While there may be cases of juries deciding the case having relied on rape myths – such as a genuine victim would say no or fight back or complain immediately, or a genuine victim would not go out in those clothes or to those places – I suggest these are rare.

Modern juries give little credence to such ignorant and outdated propositions. Judges are now particularly vigilant to identify and direct juries from engaging in such reasoning.

There are certainly cases where police could and should have done more thorough investigation and where a failure to secure crucial evidence may well have led to an acquittal. But the most significant factor in explaining why we have such low conviction rates among sexual assault prosecutions is that prosecutors insist on running cases that have no reasonable prospect of succeeding.

“Let the court decide” is an all too familiar refrain from prosecutors around the country who are not prepared to make the difficult decision not to prosecute an allegation of sexual assault even when it is apparent there is no realistic prospect of proving the case beyond a reasonable doubt. Whether this is because of a fear of being criticised by a vocal complainant, interest group or the media is difficult to know.

Not proceeding to prosecute a particular allegation of sexual assault should not and does not have any impact on that complainant’s capacity to receive support from victims of crime services. It does not mean the prosecutor does not believe the complainant. It is simply a consequence of the obligation to prosecute only cases that have a reasonable prospect of succeeding. Even assuming there is a public interest in prosecuting every allegation of sexual assault, the overriding obligation remains not to prosecute any person on a charge unless there is a reasonable prospect of obtaining a conviction.

Every jurisdiction has some variation of the “reasonable prospects” test. In the ACT section 2.4 of the Prosecution Policy provides: “The decision to prosecute can be understood as a two-stage process. First, does the evidence offer reasonable prospects of conviction? If so, is it in the public interest to proceed with a prosecution.

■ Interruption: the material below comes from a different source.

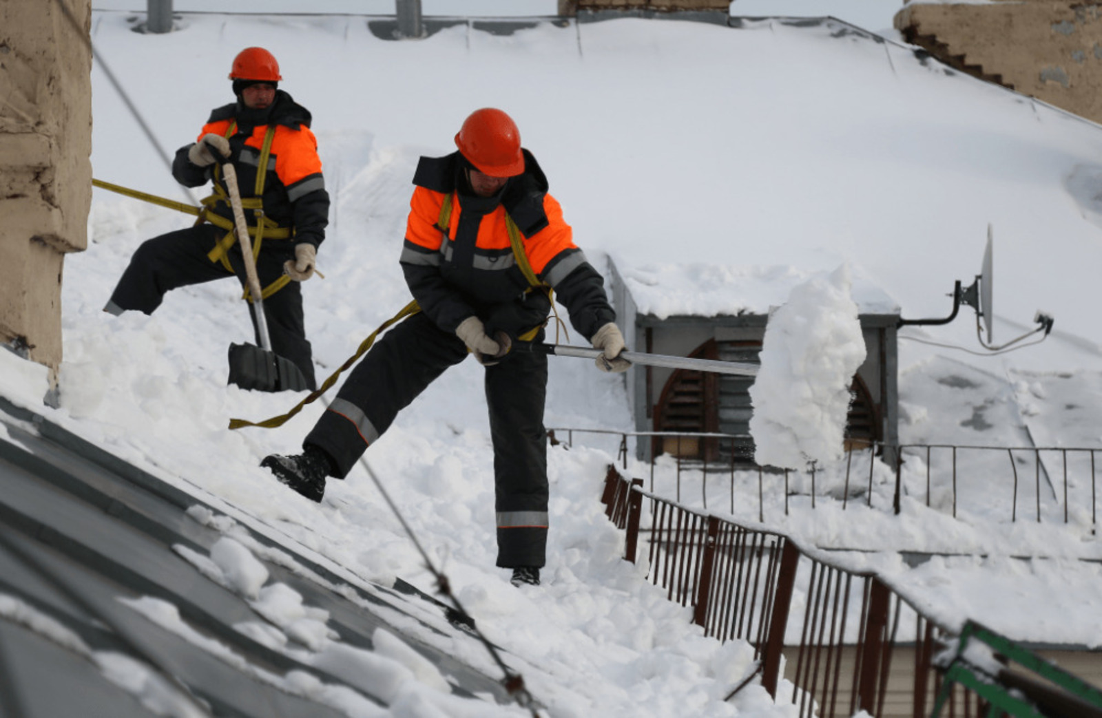 Одновременно с осмотром придомовых территорий производится обследование крыш и козырьков входных групп подъездов на предмет обеспечения своевременной очистки от снежных шапок и наледи. В результате на крышах и балконах многоквартирных домов выявлено наличие снежных и ледяных масс, представляющих угрозу обрушения на 44 объектах жилищного фонда.

In any 10 sexual assault prosecutions at least four of those 10 cases are pursued without any reasonable prospects.

Apart from imposing significant financial and emotional tolls on the accused person, the prosecution of these cases also means the complainant will go through an unnecessarily stressful and traumatic trial process.

In addition, it’s likely at least one of the remaining six cases might have been successful if police had undertaken a better investigation. On this analysis, three of the six cases that met the reasonable prospects test would have resulted in guilty verdicts – giving a conviction rate of 50 per cent. A more than doubling of the current rate without resorting to re-education camps for lawyers and judges, specialist tribunals or abolishing juries.

Higher conviction rates in sexual assault prosecutions can be achieved without entering into a Faustian-like pact with the devil; in this case a bargain in which the soul of the rule of law is sold into damnation on the promise of higher conviction rates.